Problem to work on: Every entry below must be transcribed word for word, and the images must be left out.

○ ○ ○ ○

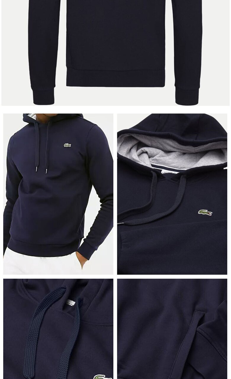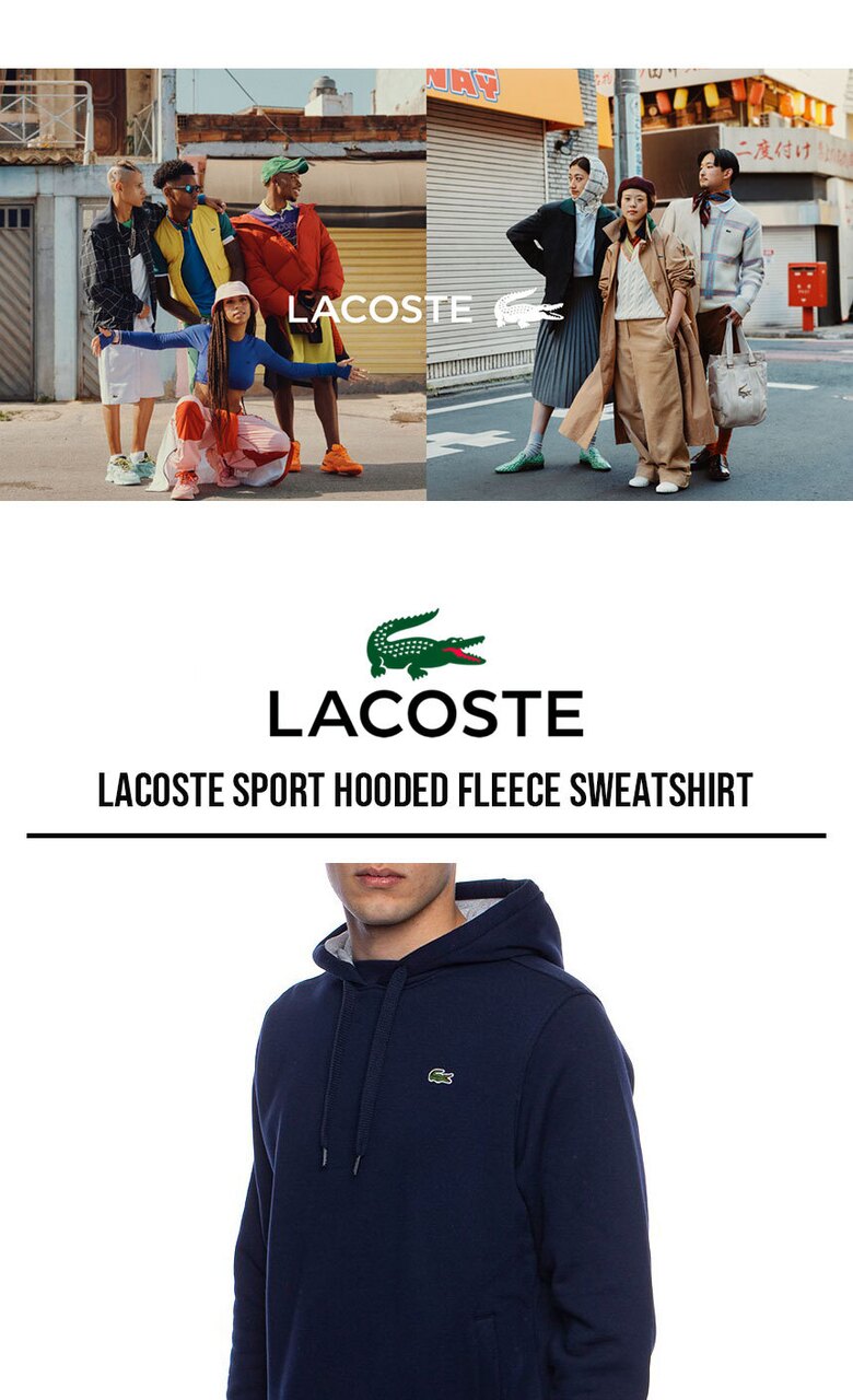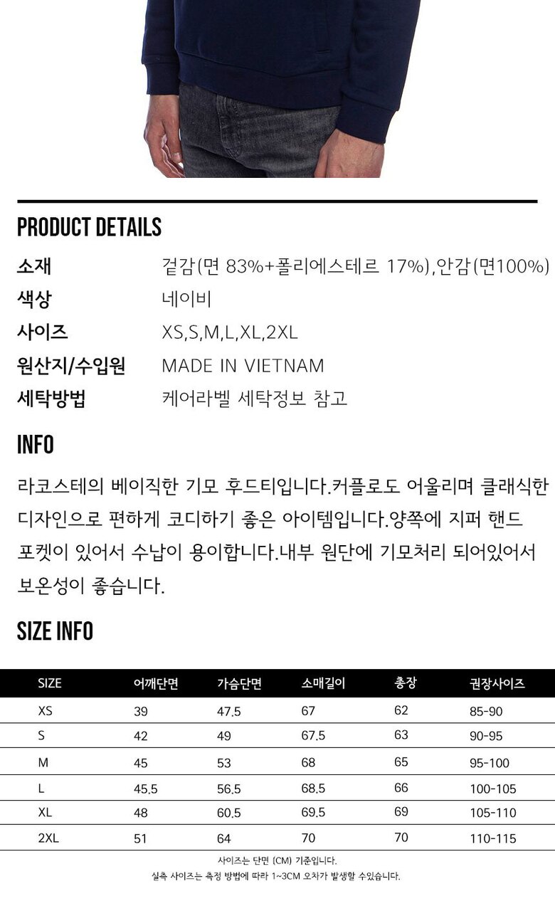 LACOSTE 플리츠 기모 후드 티셔츠 SH2128 - 네이비
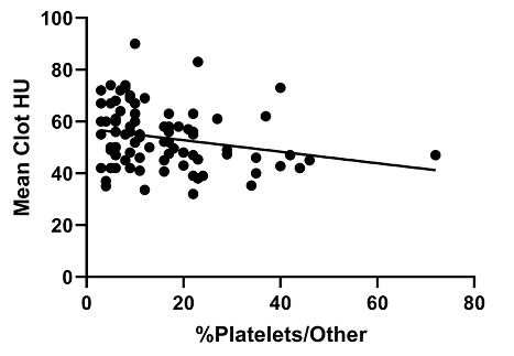 图5. NCCT上血小板/其他成分百分比与HU值之间的相关性。观察到血小板百分比与NCCT上的平均HU值呈显著的负相关(ρ=-0.243,p=0.025*,n=85)。
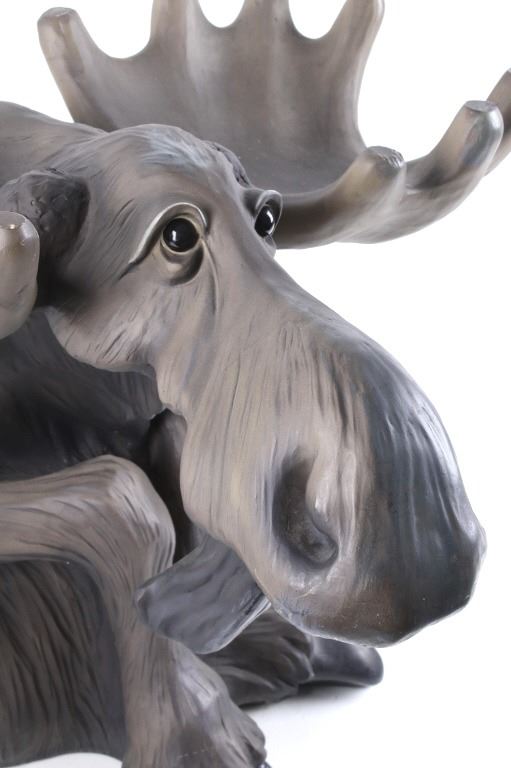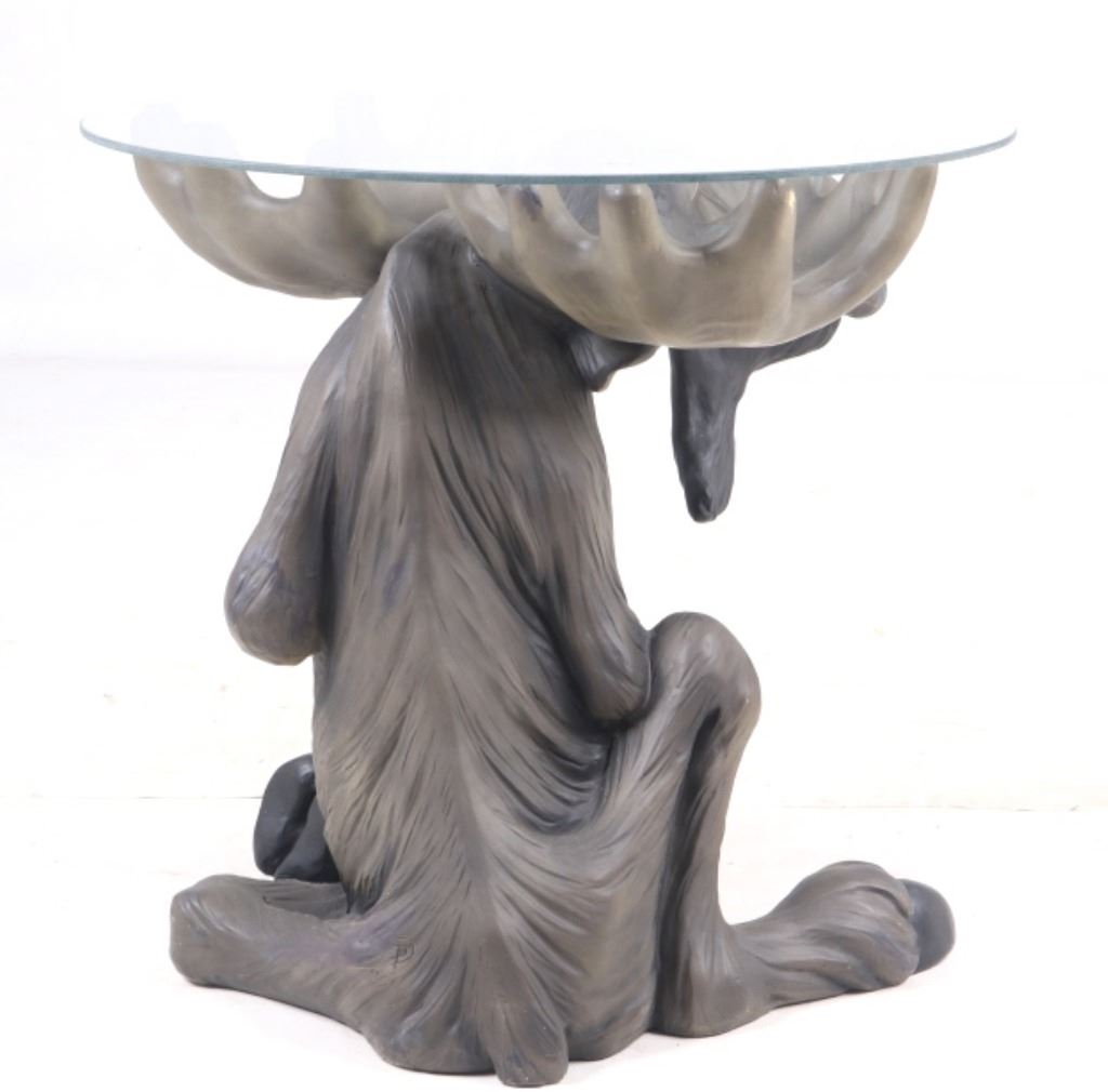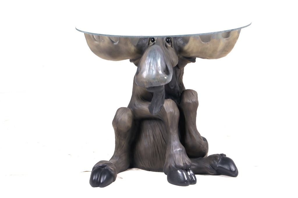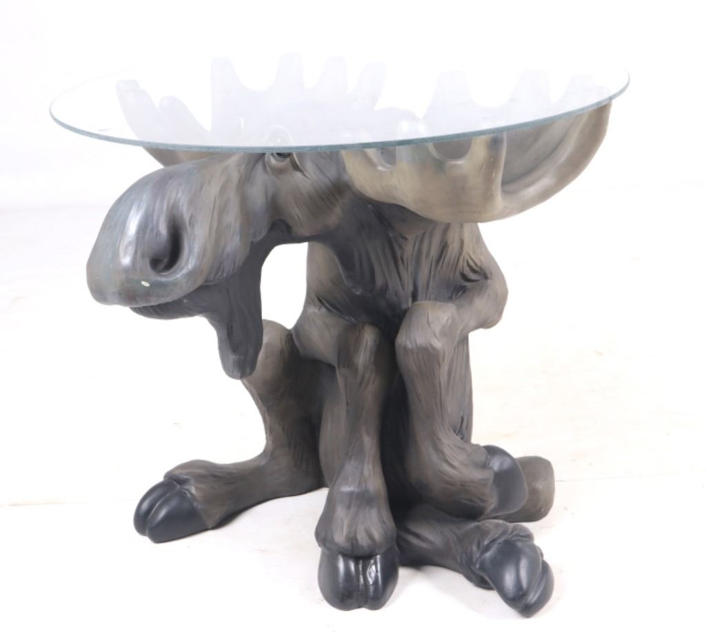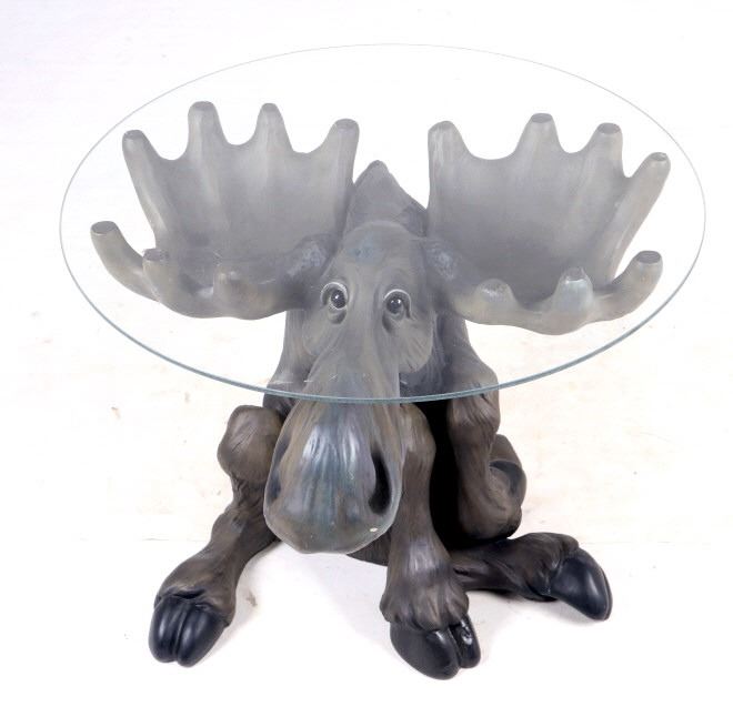 Included in this lot we have a cast plaster Moose glass top coffee table. The table displays a round glass top with the base displaying a cast plaster construction. The base is set in the hand carved shape of a seated moose. The moose displays a caricatured appearance with the large paddle antlers making the supports for the glass table. The moose is signed in the back reading "P D". The piece shows good condition overall with some light wear and damage due to use. The moose measures 21 1/2" wide by 21" tall.
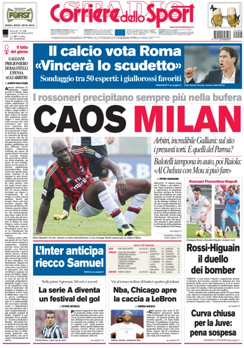 La crisi del Milan e le voci di Berlusconi infastidito che pensa alla sostituzione di Allegri (se le cose non cambiano), Balotelli che potrebbe finire al Chelsea con Mourinho, il pranzo tra Agnelli e Blatter e la vigilia di Atalanta-Inter, sfida che apre la decima di serie A.
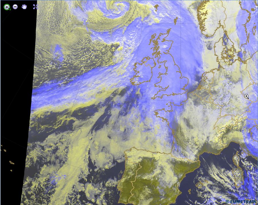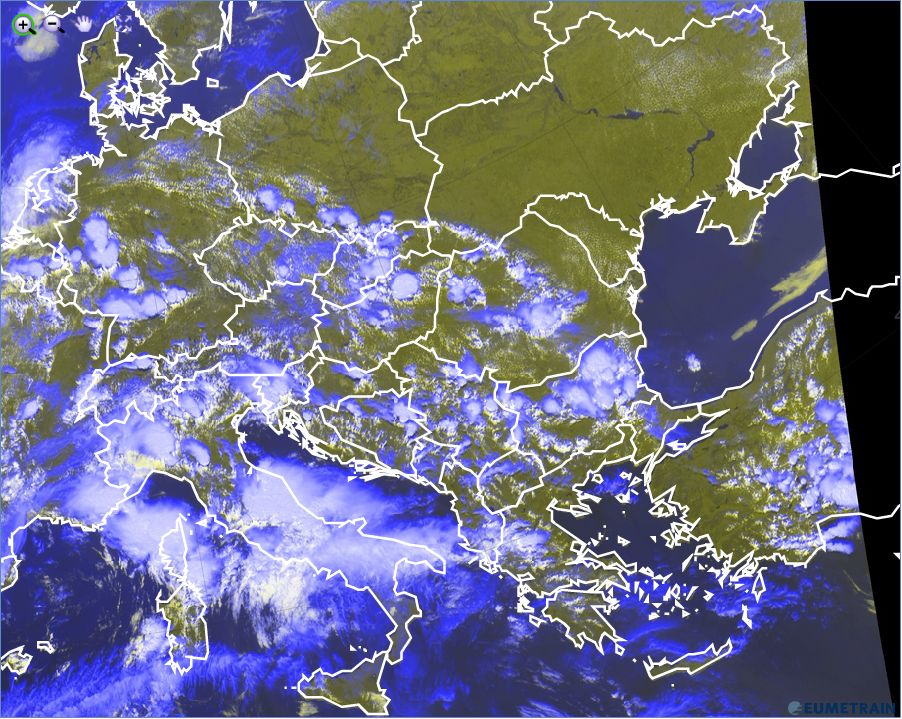 This RGB is very useful for convective systems, as it lets us tell the thick Cb kernel apart from the thin high Cirrus anvil, as well as recognizing the overshooting tops. A convective summer case is presented below:

○ ○ ○ ○

Solution:
 LACOSTE 플리츠 기모 후드 티셔츠 SH2128 - 네이비
 图5. NCCT上血小板/其他成分百分比与HU值之间的相关性。观察到血小板百分比与NCCT上的平均HU值呈显著的负相关(ρ=-0.243,p=0.025*,n=85)。
 Included in this lot we have a cast plaster Moose glass top coffee table. The table displays a round glass top with the base displaying a cast plaster construction. The base is set in the hand carved shape of a seated moose. The moose displays a caricatured appearance with the large paddle antlers making the supports for the glass table. The moose is signed in the back reading "P D". The piece shows good condition overall with some light wear and damage due to use. The moose measures 21 1/2" wide by 21" tall.
 La crisi del Milan e le voci di Berlusconi infastidito che pensa alla sostituzione di Allegri (se le cose non cambiano), Balotelli che potrebbe finire al Chelsea con Mourinho, il pranzo tra Agnelli e Blatter e la vigilia di Atalanta-Inter, sfida che apre la decima di serie A.
 This RGB is very useful for convective systems, as it lets us tell the thick Cb kernel apart from the thin high Cirrus anvil, as well as recognizing the overshooting tops. A convective summer case is presented below:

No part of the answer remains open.